How the Pacific NW fared in Open Enrollment 2
Washington, Alaska, and Oregon had varying levels of success and hardship at the start of Open Enrollment 2.
A Tale of Three Sisters
All eyes were on Washington State when its state health exchange shut down due to a computer glitch just two hours after Open Enrollment 2 began on Nov. 15; meanwhile, Oregon began its relatively quiet transition to the federal exchange system, and Alaska discovered a subsidy miscalculation in the window shopping tool and temporarily suspended enrollments in the federal marketplace.
The Washington Health Benefit Exchange Hiccup
Things looked cautiously optimistic for the Washington Health Benefit Exchange in the weeks leading up to open enrollment, despite numerous and repetitive problems that still affected WaHealthPlanFinder.org.
That optimism may have been misplaced. On Saturday, just hours after opening, the Exchange shut the website down because of an error in the system that incorrectly calculated 2015 tax credits. Approximately 800 customers had their eligibility determined incorrectly and will be contacted by the Exchange directly to provide them with accurate data.

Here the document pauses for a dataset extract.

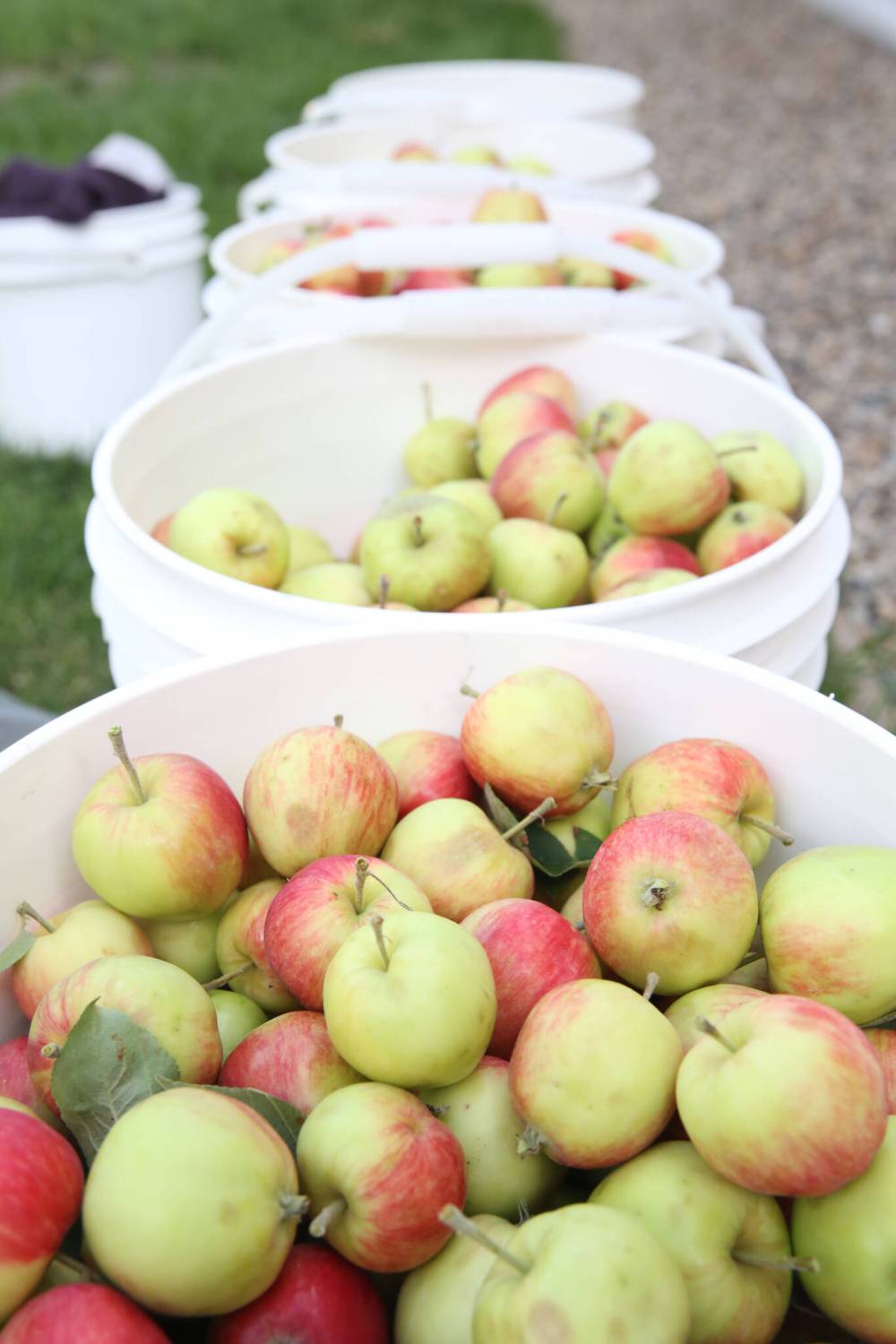 Several buckets of ripened apples line the ground near the tree before being taken way.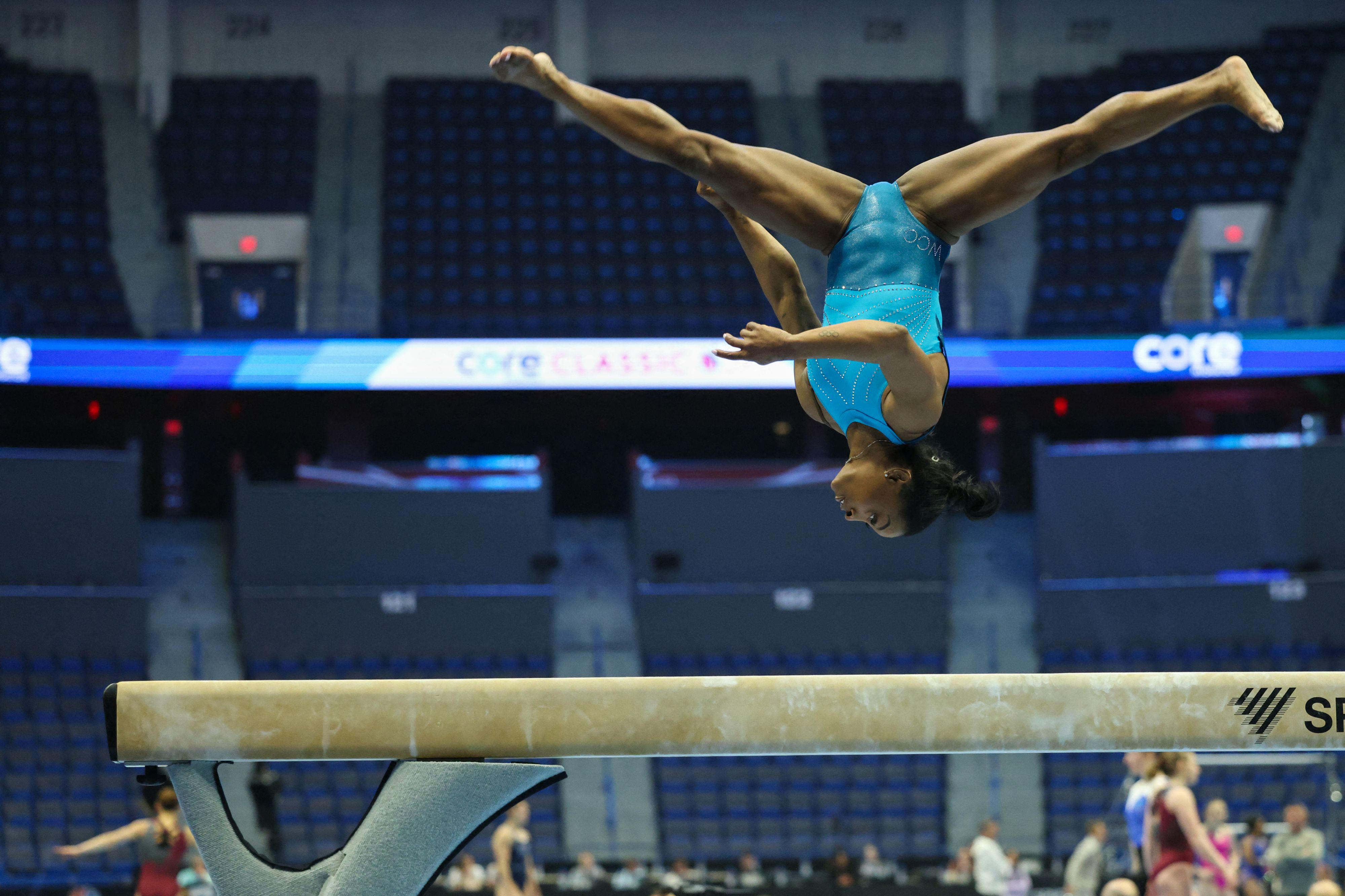 US gymnast Simone Biles trains at the XL Center ahead of the 2024 Core Hydration Classic in Hartford, Connecticut, May 17, 2024. (Photo by Charly Triballeau/AFP Photo)

But thousands more were affected by the shutdown. Beyond a few, lucky enrollees, customers weren’t able to log back into the website until Sunday.
Shortly after opening, the Exchange’s new automated Quality Assurance System discovered the flaw and the team chose to shut down the website. The Exchange has not yet released figures for the opening weekend.
Washington was the only state nationwide to shut down its website.
CoverOregon Sails into the Federal Marketplace
The CoverOregon website focused its efforts on redirecting Oregonians shopping for health insurance to the federal exchange, HealthCare.gov. Although the state exchange website remained live through Open Enrollment 2, it served primarily as a funnel.
Oregonians could click “Yes” to be redirected or “No” to stay on the website for in-person help. The CoverOregon website had been scaled down earlier this month to an assistive function for a specific population of Medicaid beneficiaries who require local assistance, according to Judy Mohr Peterson, Oregon Medicaid Director at Nov. 7 consumer tips meeting.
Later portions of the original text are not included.